Chancey: Entwässern, Sire, wir werden alles trocken legen. Die Flüsse und Bäche umleiten, große Sammelteiche schaffen (Macht eine ausladende Handbewegung ins Dunkle hinein). Die Ilm zähmen.

Schanze: (Fasst sich an den Kopf, zieht das Zipfeltuch herunter und wischt sich das nasse Gesicht) Die Kamille wächst wieder aus dem Boden, noch nach Jahrzehnten. Mein Garten ist im nächsten Jahr wieder schön, glauben Sie es mir, Herr Minister. Gleich Morgen fange ich von vorn an. Kommen Sie doch, wir gehen hinein. - Tee, das wäre jetzt passend.

Goethe: Nein, bleiben wir noch einen Moment. Das Gewitter ist bald fort und richtig kühl wird es diese Nacht nicht mehr. Ich will die Böschung hinunter zur Ilm. Sie reißt und beißt den Boden weg. Vor dem Ort hat sie sich schon ein neues Bett gesucht und nun ist es hier, wie einst in meinen jungen Tagen, als ich nach Italien fuhr. Leuchten Sie Chancey!

Chancey: Meine Schuhe, Sire! Sie sind schon ganz durchfeuchtet und ich fühle, ich rutsche.

Schanze: Ach, Herr Minister, lieber Goethe, ich hab´ das Jahr über selten festes Schuhwerk an. Nehmt zur Not die Holzpantinen, sie stehen am Gemüsebeet. Das heißt, auf der Mauer vor dem Beet, das nicht mehr ist. - Gleich Morgen fang´ ich wieder an.

Goethe: Das hier ist das Welttheater, und mein Fürst will immer eines auf der Bühne.

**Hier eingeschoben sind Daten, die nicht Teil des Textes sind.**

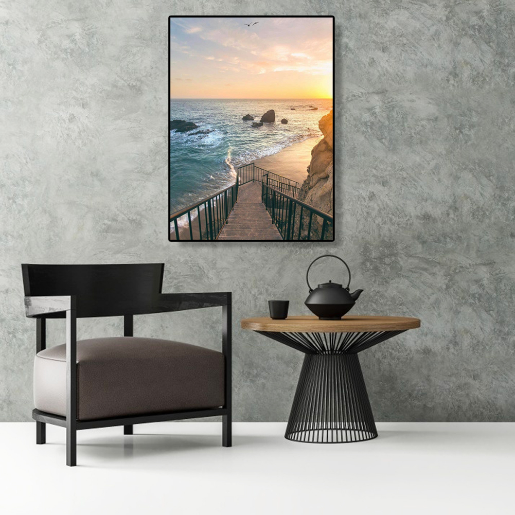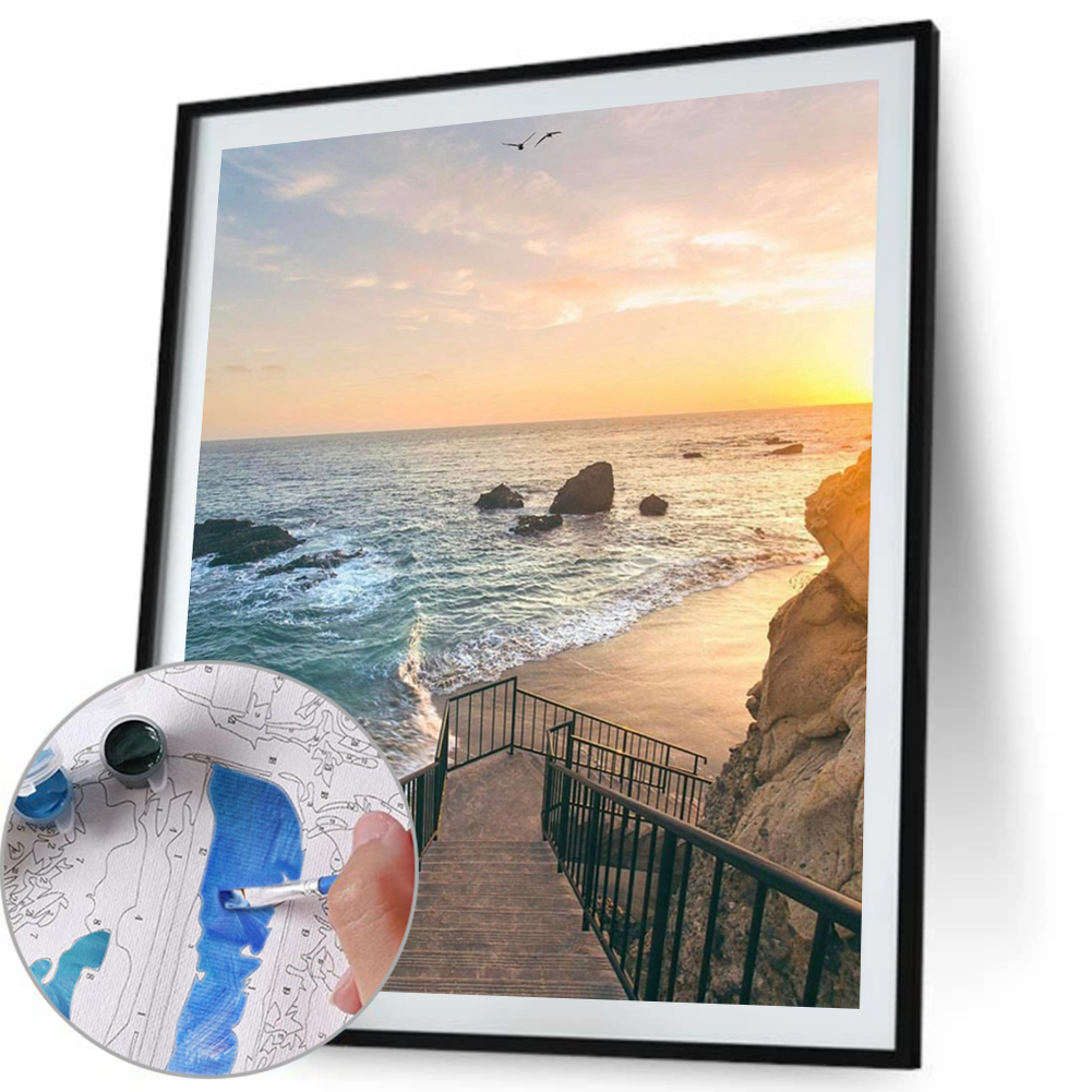 Painting By Numbers Kit DIY Seaside Steps Hand Painted Canvas Oil Art Picture Craft Home Wall Decor

Chancey: Sire, sollen wir das Aufschreiben?

Goethe: Wenn Sie wollen, dann tun Sie ´s!

Chancey: (Kramt unter der Pelerine mühsam ein Notizheftchen hervor, an das ein angespitzter Bleistift angeheftet ist) Ach, es ist alles nass, welches Elend, und der Bleistift bohrt nur Löcher ins Papier.

Goethe : Ich merk´ es mir, ich merk´ es mir, Chancey.

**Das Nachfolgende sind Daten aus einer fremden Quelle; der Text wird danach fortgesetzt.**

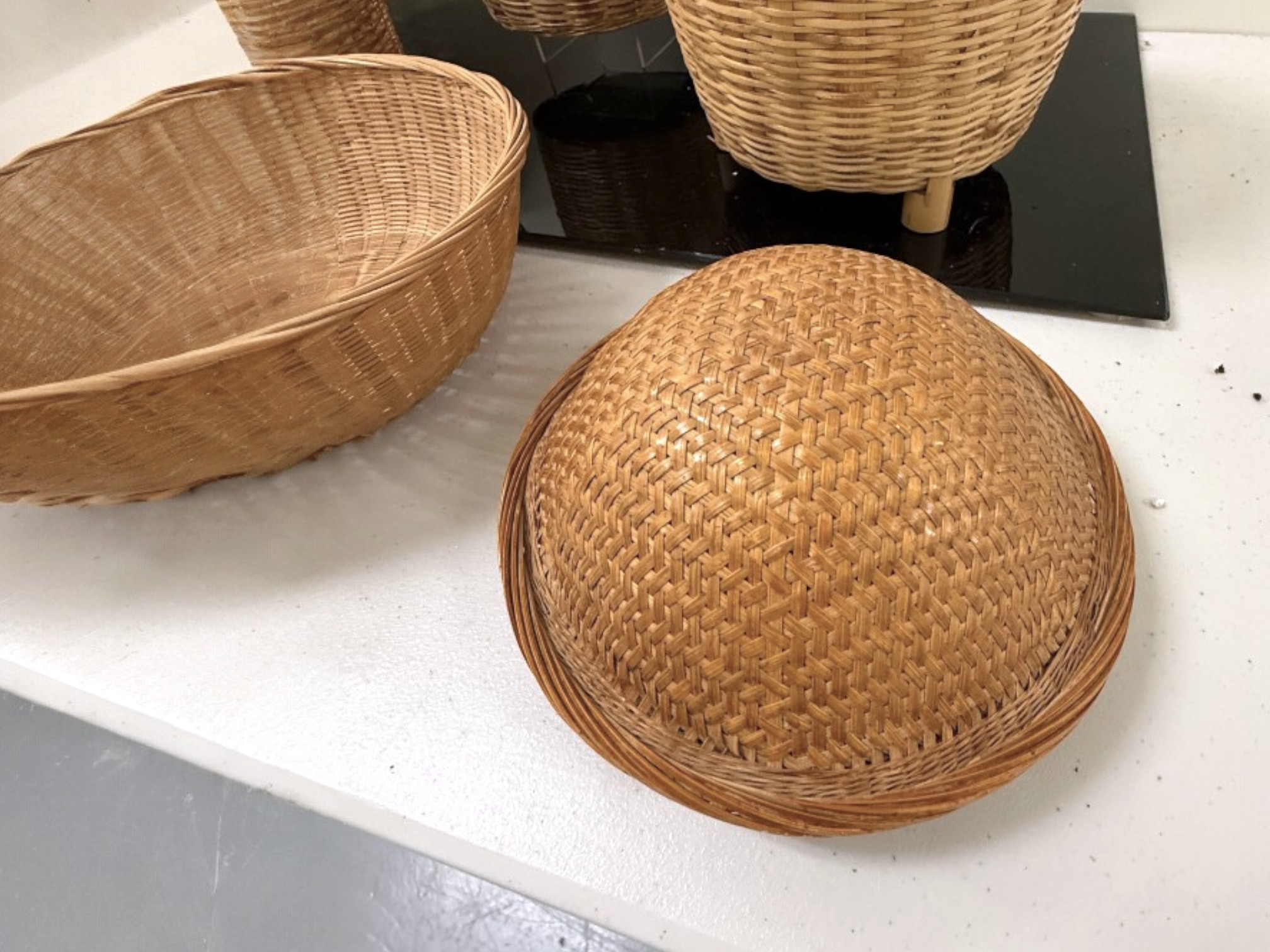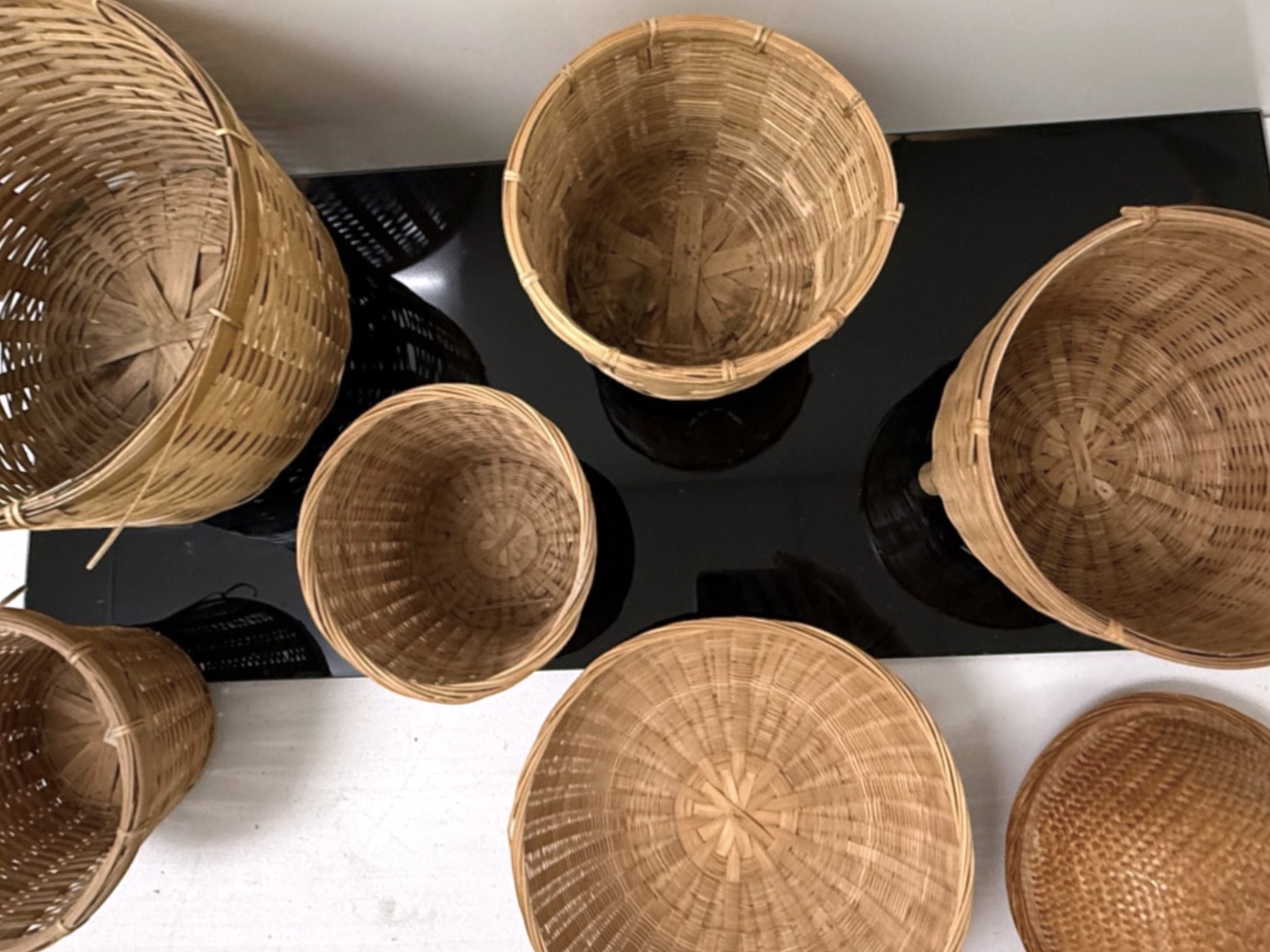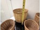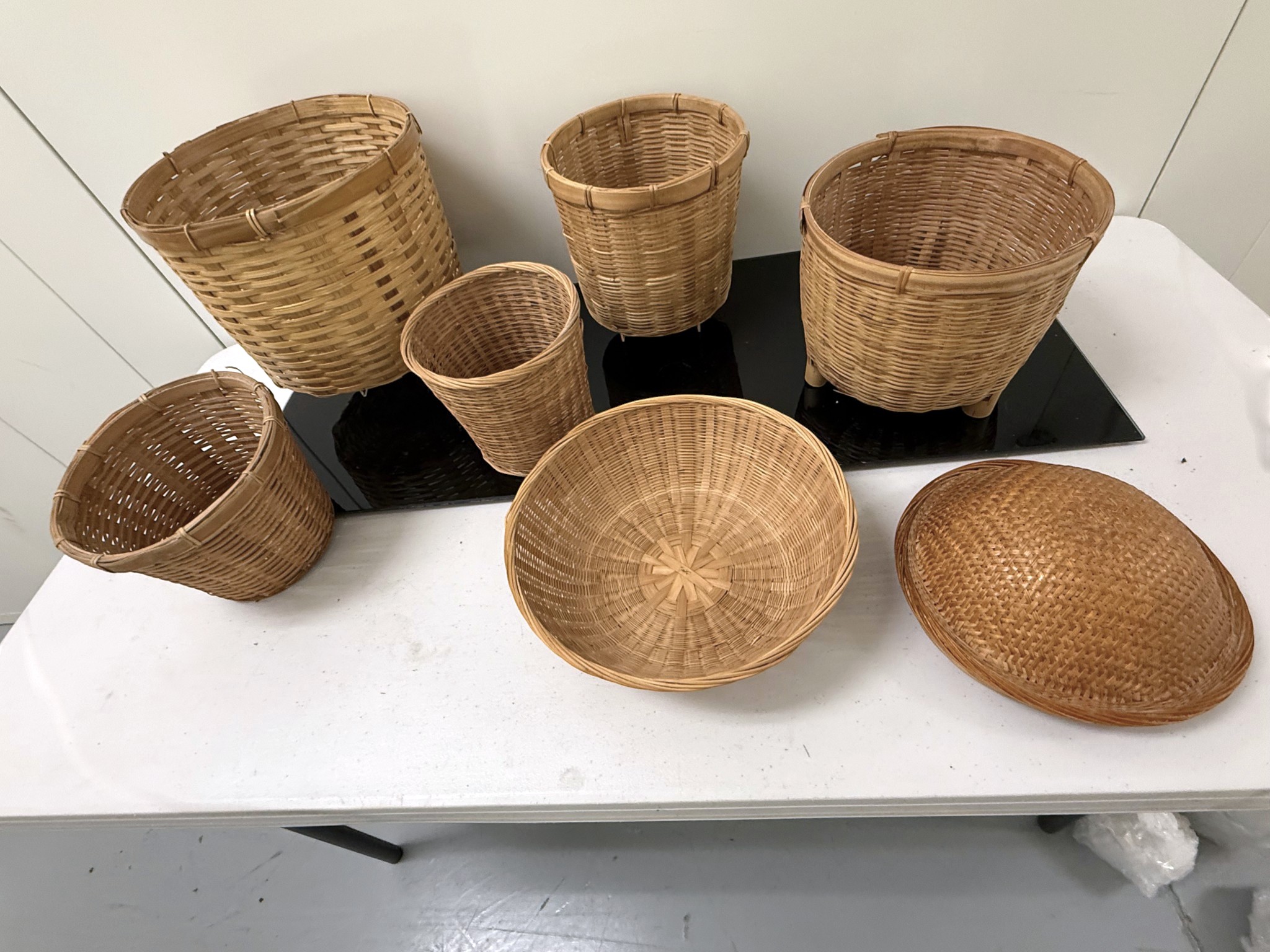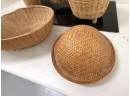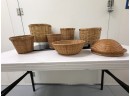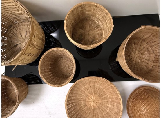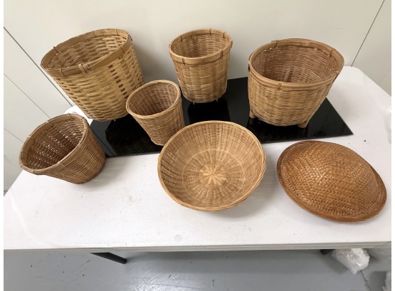 Mixed collection of seven (7) vintage woven baskets in assorted cylindrical and shallow shapes, each crafted from natural fibers with varied weaves, rim treatments, and tones, including one dome‑shaped piece that serves as a lid or cover.

Schanze: (Hat die Laterne aufgehoben und geht voraus) Vorsicht hier! Da sind die schlammigen Stufen, jetzt geht es zum Wasser hinab. Haben die Herren denn gar keine Lust auf einen Kamillentee? Ich seh´ die Ilm fast jedes zweite Jahr so und bin schon dreißig Jahre der Gärtner hier.

Chancey: Wir werden das ändern, ein für alle Mal! Wenn der Fürst mir eine Audienz gewährt und meinen Ratschlägen folgt, dann steigen seine Einnahmen aus Silber und Kupfer in den nächsten fünf Jahren und Ilmenau wird ein ganzjährig lieblicher Ort. (Rutscht fast aus, nimmt aber trotzdem nicht eines der Holzschuhpaare, während der Minister eines gegen seine kurzen Stiefel und die Seidenstrümpfe eintauscht und Schanze barfuß schnell hinein kommt) – Exzellenz, Sie nehmen mich doch mit zum Fürsten?

Goethe: Wenn Sie darauf bestehen. Aber jetzt kommen Sie!

Schanze: Nicht weiter, die Herren, hier bricht das alte Ufer ab und ein neues ist noch nicht erkennbar. Morgen ist Zeit dafür, und jetzt können wir doch nichts machen. (Reicht Chancey die Laterne)

Goethe: (In Gedanken) Leuchten Sie Chancey! Da kommt die Kutsche getrieben. Nicht auszudenken, wir wären weitergefahren. Niemand drin. Die Straße muss auch weg sein. Das ist ein Schauspiel!

Chancey: Ah, beinnahe wäre ich abgestürzt! Es ist gefährlich hier, das muss sich ändern. Ein sicherer Weg von der Quelle bis zur Mündung, nein, bis zur Residenz!

Goethe: Ich will hier bleiben, es ist so lehrreich und gewaltig.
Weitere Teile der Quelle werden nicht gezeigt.